The 14 EMT issuers originate from seven EU member states and are collectively issuing 20 fiat-backed stablecoins: 12 pegged to the euro, 7 to the U.S. dollar, and 1 to the Czech koruna. Leading names include Circle, Société Générale – Forge, Membrane Finance, and Crypto.com. These approvals aim to standardize stablecoin compliance under MiCA and expand consumer trust in digital euro and dollar equivalents.
Meanwhile, 39 CASPs have secured full MiCA licenses, allowing them to operate across the entire European Economic Area (EEA). Countries like Germany (12 firms), the Netherlands (11), and Malta (5) dominate the approvals. The list includes a blend of traditional financial institutions (e.g., BBVA, Clearstream), fintech platforms (eToro, N26), and major crypto exchanges (Coinbase, Kraken, Bitstamp, OKX).
Despite the progress, the MiCA rollout has revealed regulatory blind spots. No asset-referenced token (ART) issuers have been approved, indicating tepid market interest in non-fiat-backed assets. About 30 whitepapers have been filed under MiCA Title II for major assets like BTC and ETH, reflecting increasing institutional alignment with crypto regulation.

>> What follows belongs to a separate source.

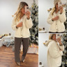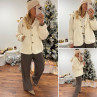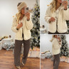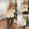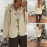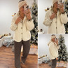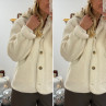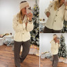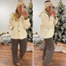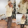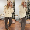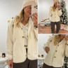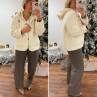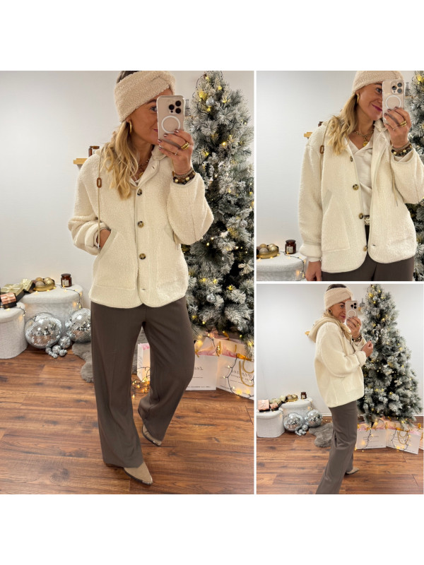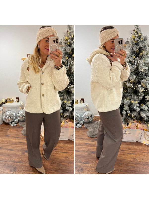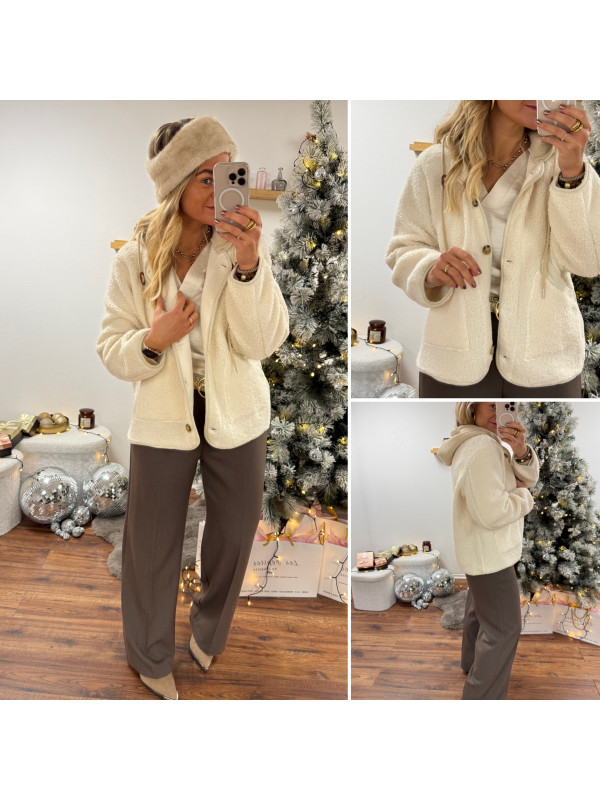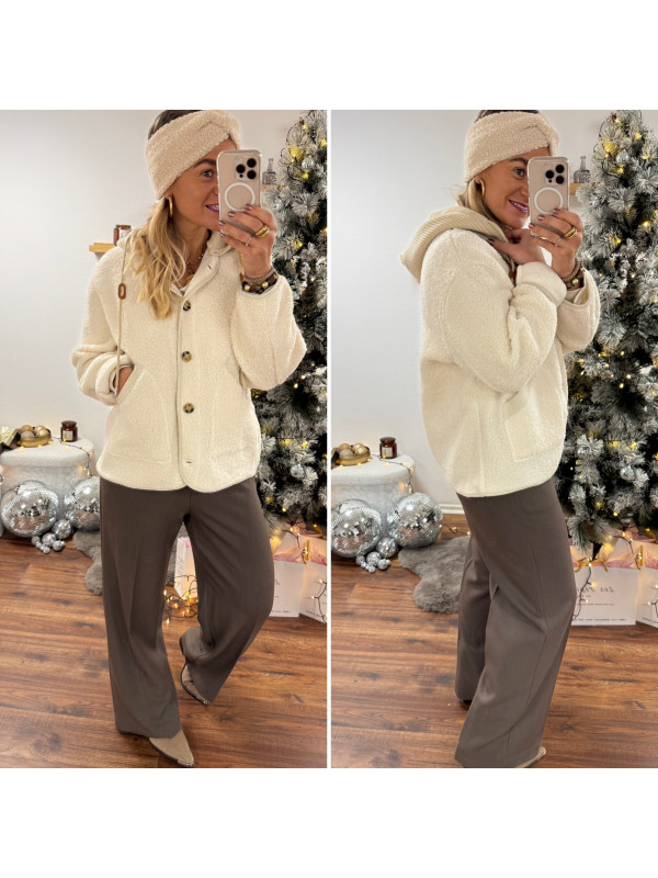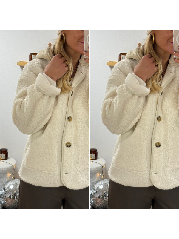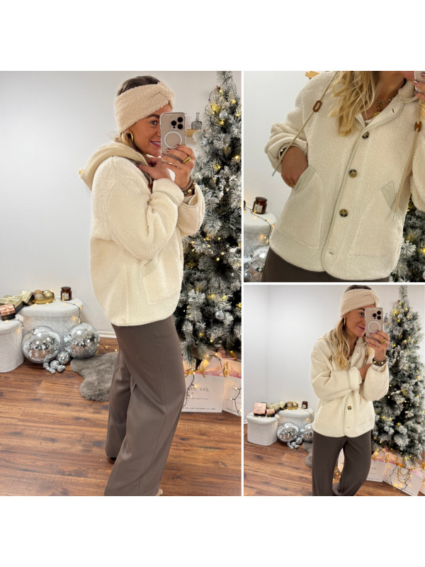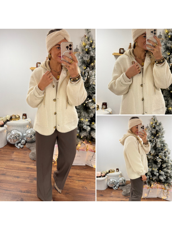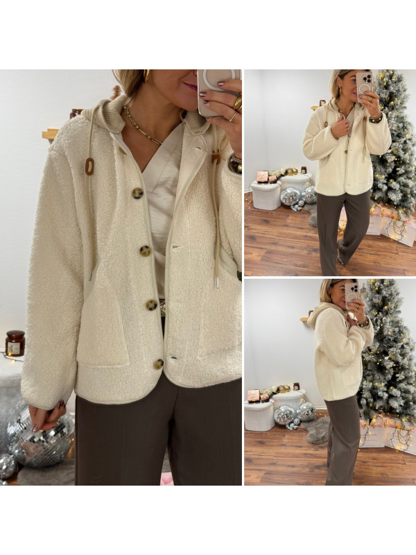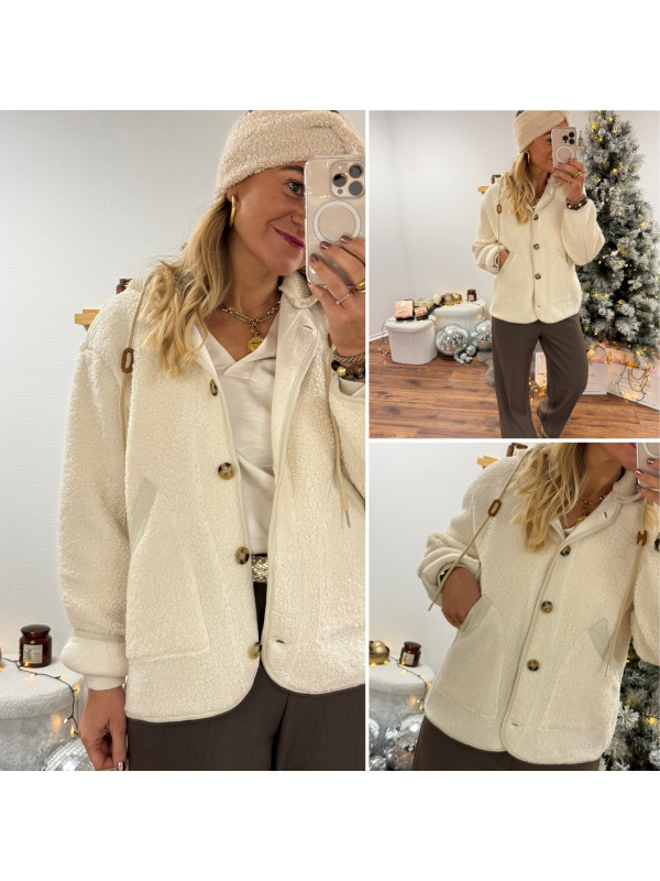 Veste à bouclettes crème avec capuche en maille écrue amovible

At the same time, over 35 firms are flagged as non-compliant—many by Italy’s CONSOB. Transition periods have ended in multiple jurisdictions, including Finland, Poland, and the Netherlands, where the Dutch AFM is leading license issuance. With MiCA enforcement underway, firms are racing to gain approval and passport their services across 30 EEA states.